One of the first 9/11 responders afflicted was retired New York Police Detective John Walcott, who had worked months at Ground Zero and at Fresh Kills landfill on Staten Island, sifting debris for human remains. In 2003 at the age of 38, a short two years after the attacks, he was stricken with acute myeloid leukemia, which doctors suspected was triggered by benzene, a cancer-causing chemical that permeated the WTC site from burning jet fuel

Over the last 20 years, of the 104,223 enrollees in the World Trade Center Health Program, the federal benefits plan for survivors and responders, 58 percent of all registered program members have contracted, as of 2020, at least one illness caused by 9/11, according to the CDC’s latest Morbidity and Mortality Weekly Report. Yet there is still discussion about the need to fund the program?

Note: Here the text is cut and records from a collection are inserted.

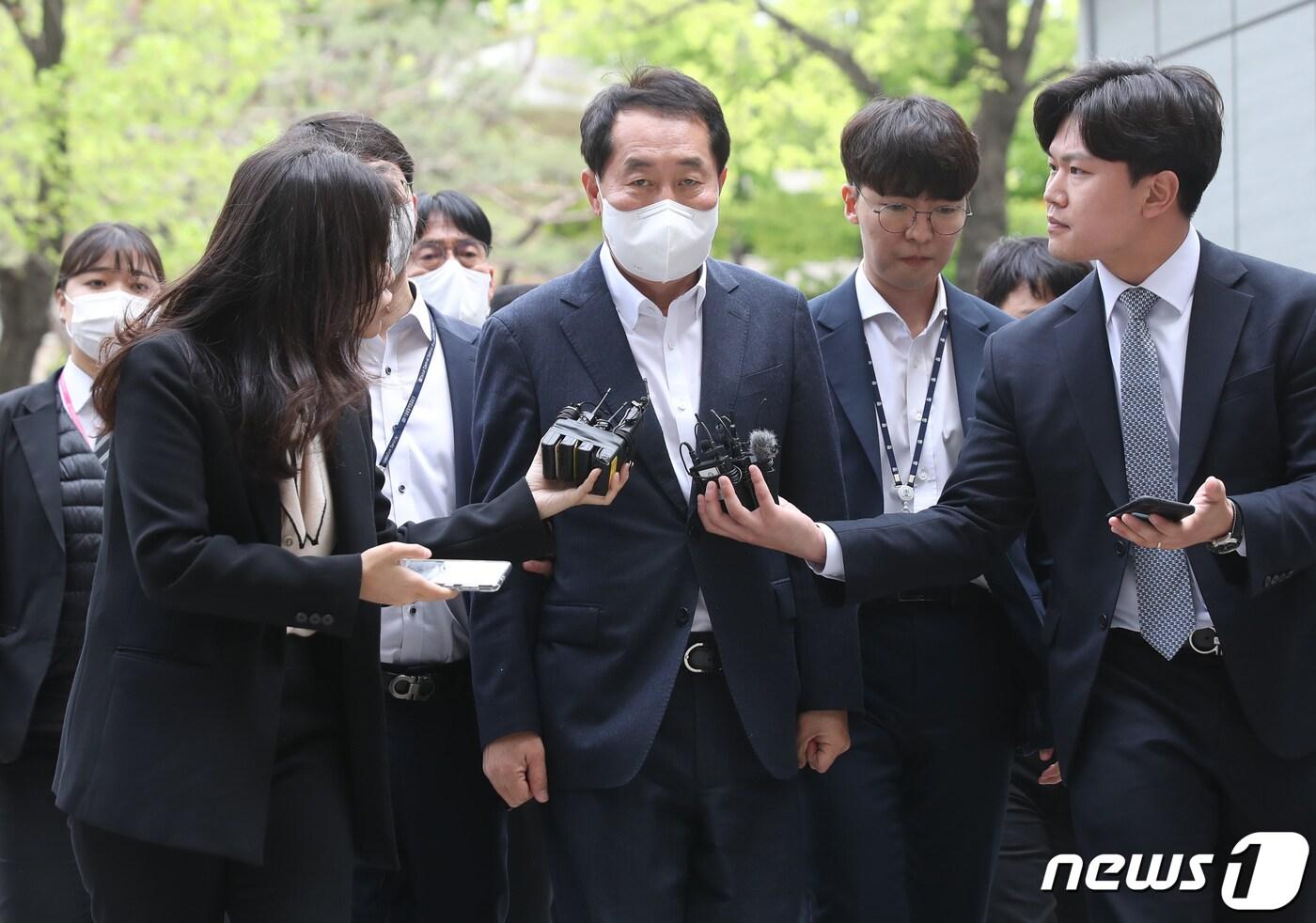 강래구 전 수자원공사 감사위원이 영장실질심사를 받기 위해 서울중앙지법에 들어서고 있다.(공동취재)2023.4.21/뉴스1 ⓒ News1 유승관 기자
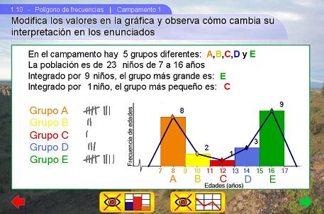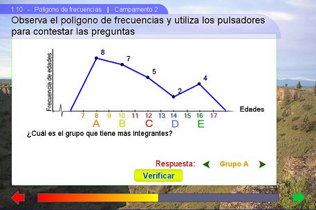 ocultar tanto el histograma como el polígono de frecuencias. Campamento 2La segunda escena muestra el polígono de frecuencias de las edades del grupo de niños. Con fines de evaluación se presentan varias preguntas que deben contestarse eligiendo una opción del menú que se encuentra debajo del texto de la pregunta, para ver las opciones basta presionar cualquiera de las dos flechas verdes que se encuentran al lado derecho de la palabra "Respuesta". Para verificar si la respuesta es correcta presione el botón Verificar.
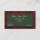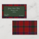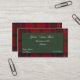 Stately looking business card template, done in a traditional Scottish Tartan Plaid of the Stewart clan. A solid green text area over the red and green plaid, has white coloured text. Personalise all the text to suit your needs.
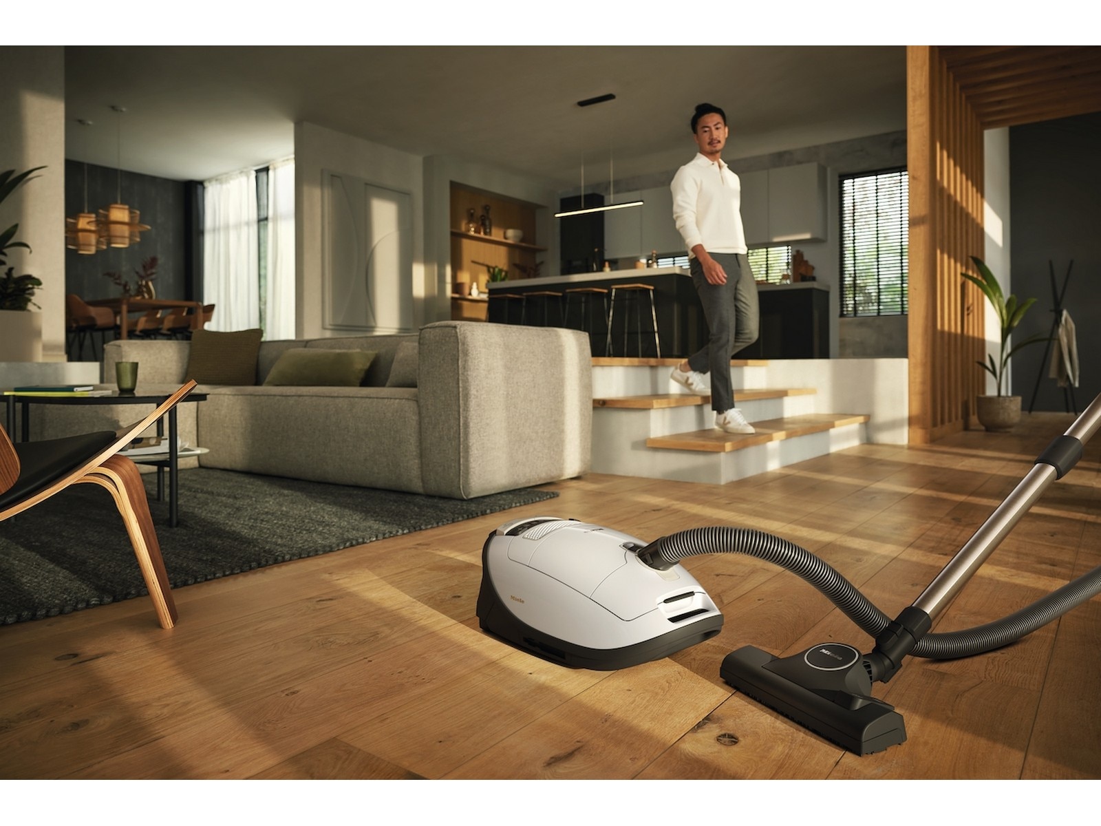 På alle Mieles støvsugere kan man enkelt trekke inn kabelen ved å bruke fottasten – så trenger man ikke bøye seg ned. Seriene Compact C2, Complete C3 og Blizzard CX1 er i tillegg utstyrt med en tipp-funksjon, som gjør det mulig å trekke inn hele kabelen med et tastetrykk.
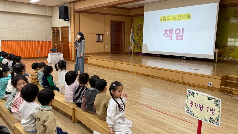 4월 인성덕목은 ‘책임’이다. 아이들은 ‘책임은 스스로 자기 일을 책임지는 것’이고 ‘정리정돈을 잘하는 것’, ‘도와주는 것’ 등이 ‘책임’이라고 이야기하였다.
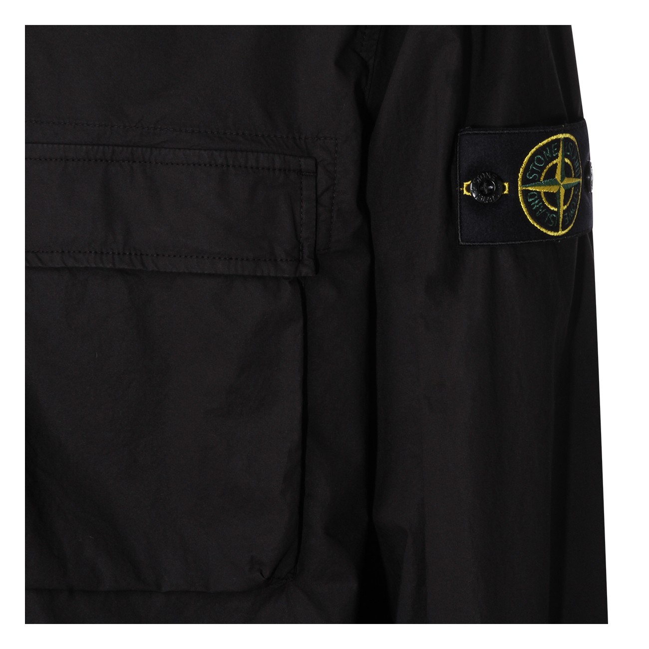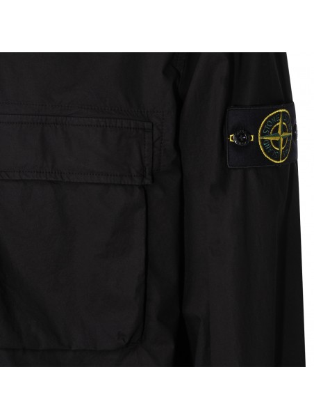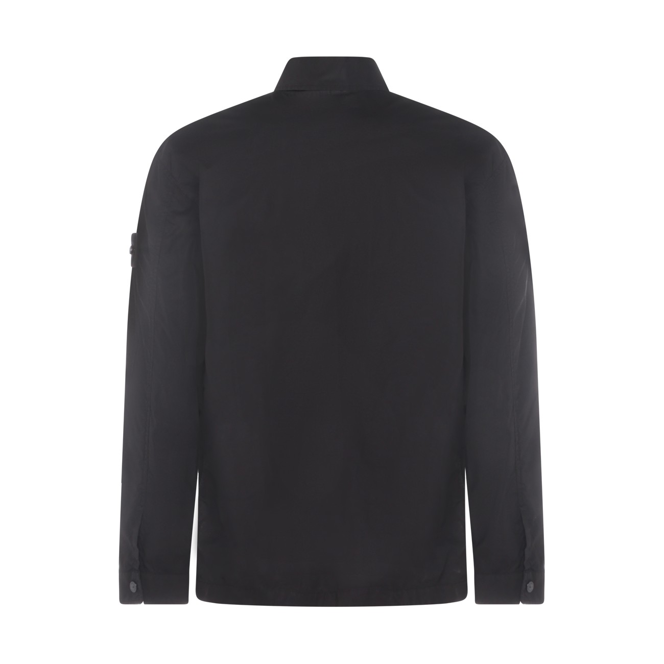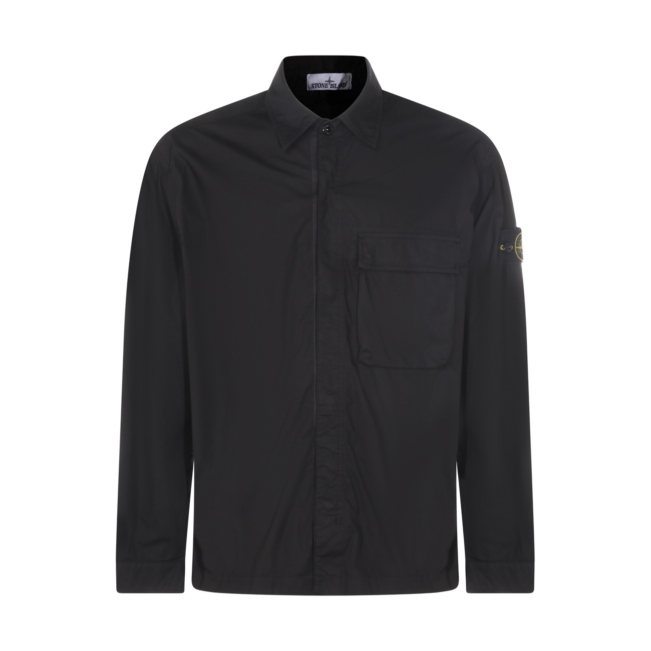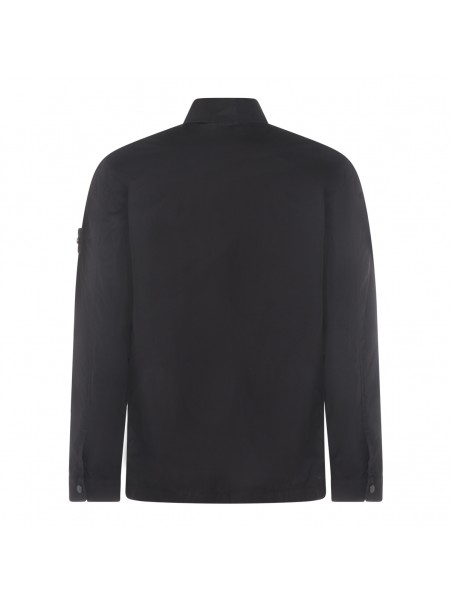 Black cotton shirt from Stone Island featuring long sleeves, logo patch, frontal zip fastening, shirt collar and regular vestibility.

9/11 Health Screening members noncancerous health issues climbed from 28,126 certified medical conditions in 2012 to 50,611 in 2020, an increase of 80 percent. The program calculated an average of 2.7 9/11-related health conditions per member and added that roughly 400,000 people came in contact with dangerous pollutants after the attacks, elevating their risk for medical complications.

The WTC Health Screening program saw a 62 percent increase in patients receiving treatment from 25,553 in 2012 to 41,387 in 2020, corresponding with a nearly 68 percent uptick in enrollees over that same period.

What this documents is that, even 20 years later, the health issues associated with the 9/11 attacks continues to evolve and grow. 

It took almost five years for the first 9/11 health related bill to be introduced into Congress and then another five years for the first 9/11 health screening bill, the James Zadroga 9/11 Health and Compensation Act to be passed into law. Since then, 9/11 responders and advocates have had to return to Capitol Hill again in 2015 to push Congress to address funding and eligibility issues and then again in 2019 to push for better funding of both the health screening and victims compensation fund, most notable on the emotional testimony of celebrity Jon 
Stewart
.

Once again, 9/11 responders have to return to Capitol Hill to ensure that the program stays solvent and people that should be able to access the program can. Why do 9/11 responders have to return to Capitol Hill so much?

Perhaps it’s because some in Congress apparently still amazingly, question the veracity of the attacks and others don’t think it’s important anymore.

Jamie Atkinson was a 19-year-old volunteer with Sayville Ambulance when he spent weeks working cleanup detail at Ground Zero. These last five years he has had to battle a rare stage 4 cancer among other 9/11 related health issues. Jamie’s cancer was linked to his 9/11 exposure yet it took approximately 15 years before it showed up in his body reinforcing that the attacks of 9/11 haven’t stop taking lives, it’s just doing it one life at a time.

Donald Mihalek is executive vice president of the Federal Law Enforcement Officers Association Foundation.